◆ What the exercise asks:
If pictures appear in the lines below, skip them and copy exactly the lines from the one containing "縦長のコートで、相手にボール" through the one containing "Christmas Design: Colorful", and nothing else.

◆ Data shown:
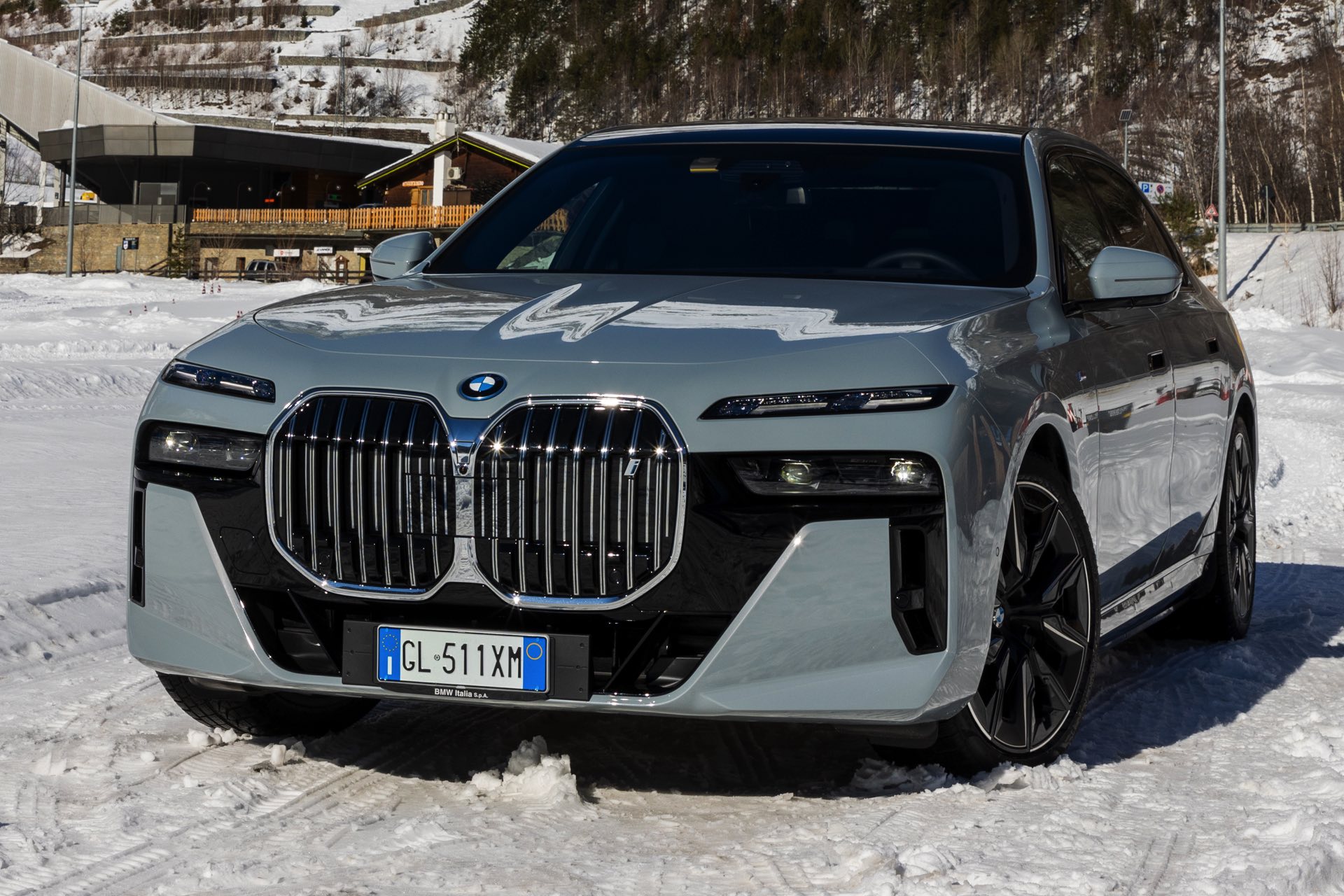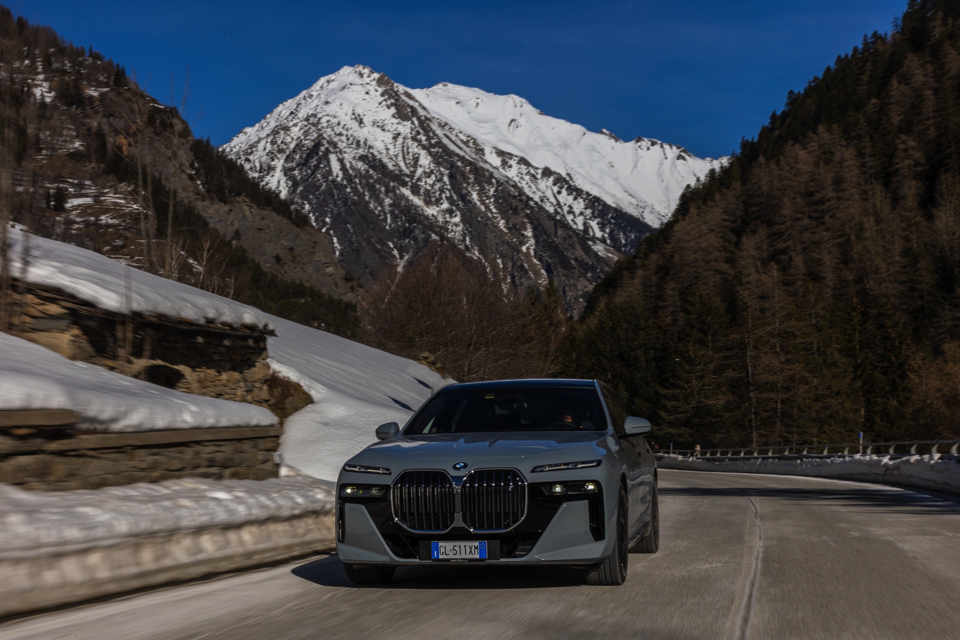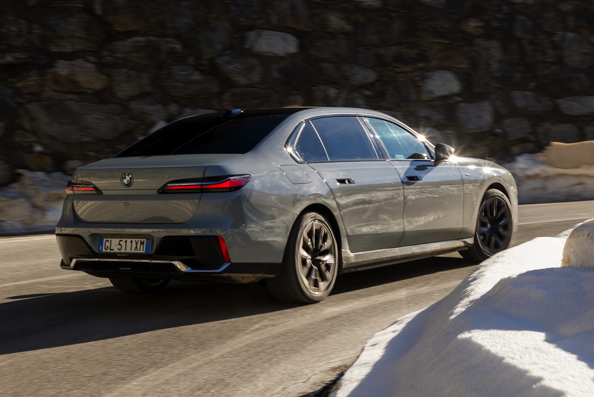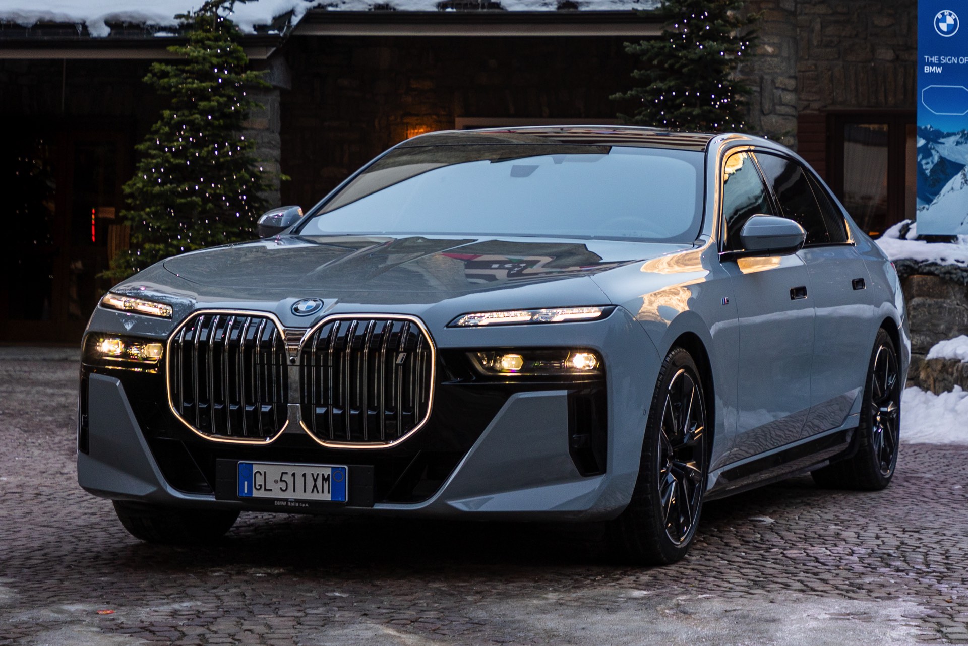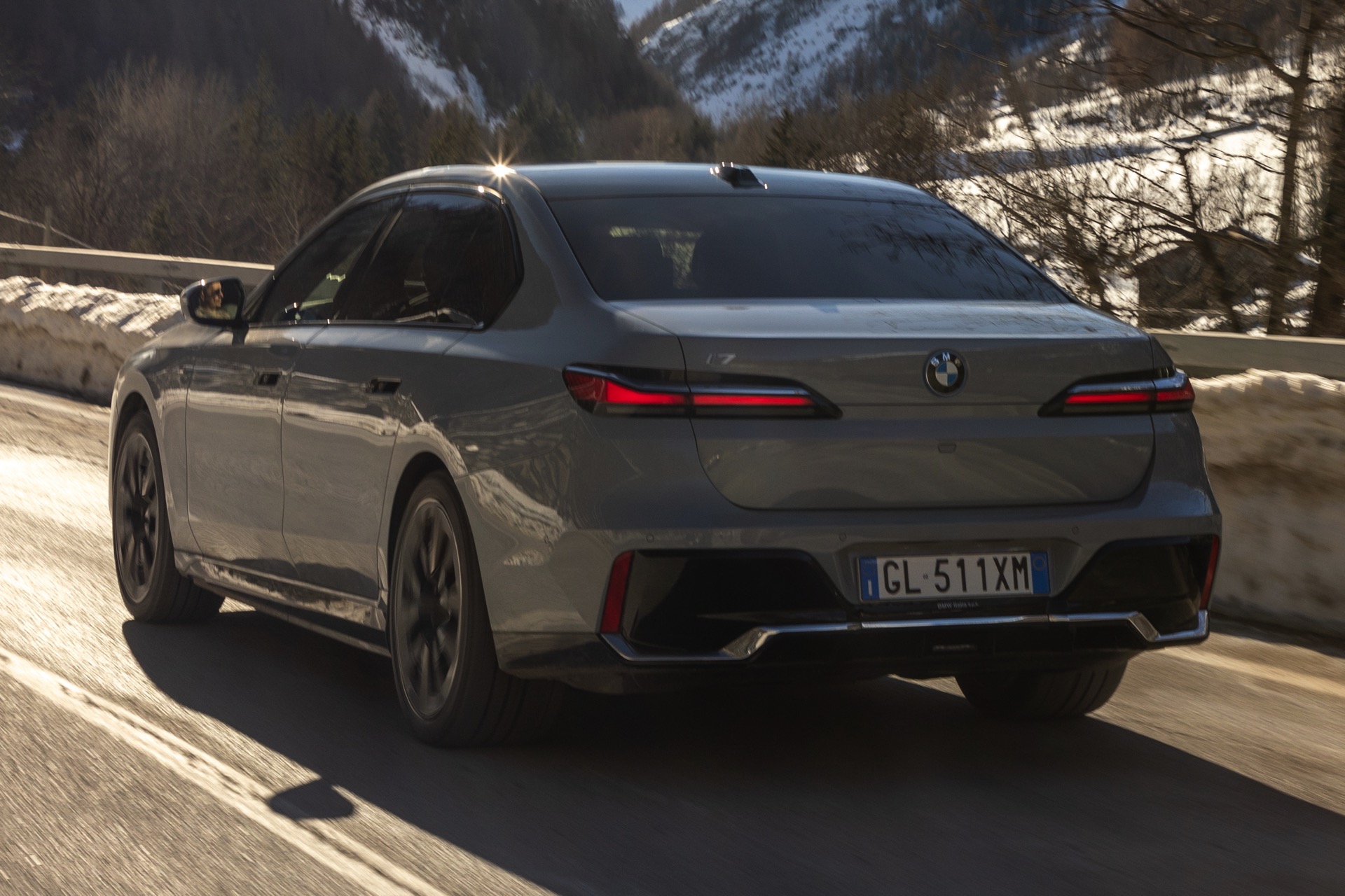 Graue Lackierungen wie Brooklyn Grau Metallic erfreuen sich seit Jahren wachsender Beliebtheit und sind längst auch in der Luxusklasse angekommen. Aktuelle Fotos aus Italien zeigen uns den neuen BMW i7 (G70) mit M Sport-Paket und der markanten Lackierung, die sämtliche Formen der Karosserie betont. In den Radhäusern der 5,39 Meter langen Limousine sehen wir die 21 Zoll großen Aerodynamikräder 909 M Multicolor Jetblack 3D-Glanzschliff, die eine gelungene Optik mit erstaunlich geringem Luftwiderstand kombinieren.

---

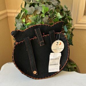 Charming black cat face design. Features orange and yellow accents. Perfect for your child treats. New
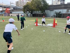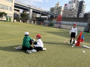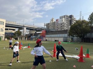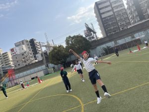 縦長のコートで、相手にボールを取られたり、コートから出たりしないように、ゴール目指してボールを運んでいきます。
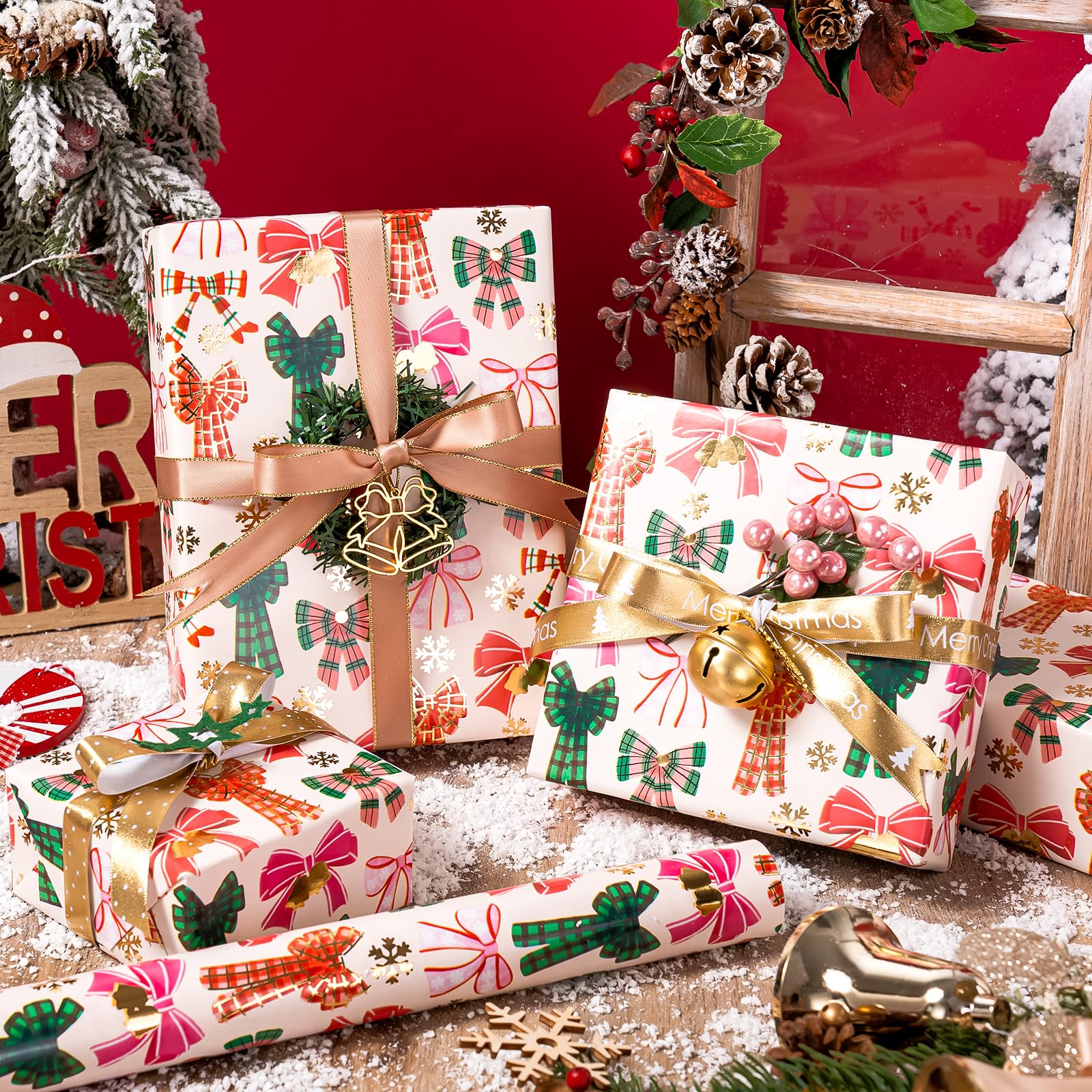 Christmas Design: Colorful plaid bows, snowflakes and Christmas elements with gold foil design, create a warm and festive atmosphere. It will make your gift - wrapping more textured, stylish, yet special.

◆ Your response:
 縦長のコートで、相手にボールを取られたり、コートから出たりしないように、ゴール目指してボールを運んでいきます。
 Christmas Design: Colorful plaid bows, snowflakes and Christmas elements with gold foil design, create a warm and festive atmosphere. It will make your gift - wrapping more textured, stylish, yet special.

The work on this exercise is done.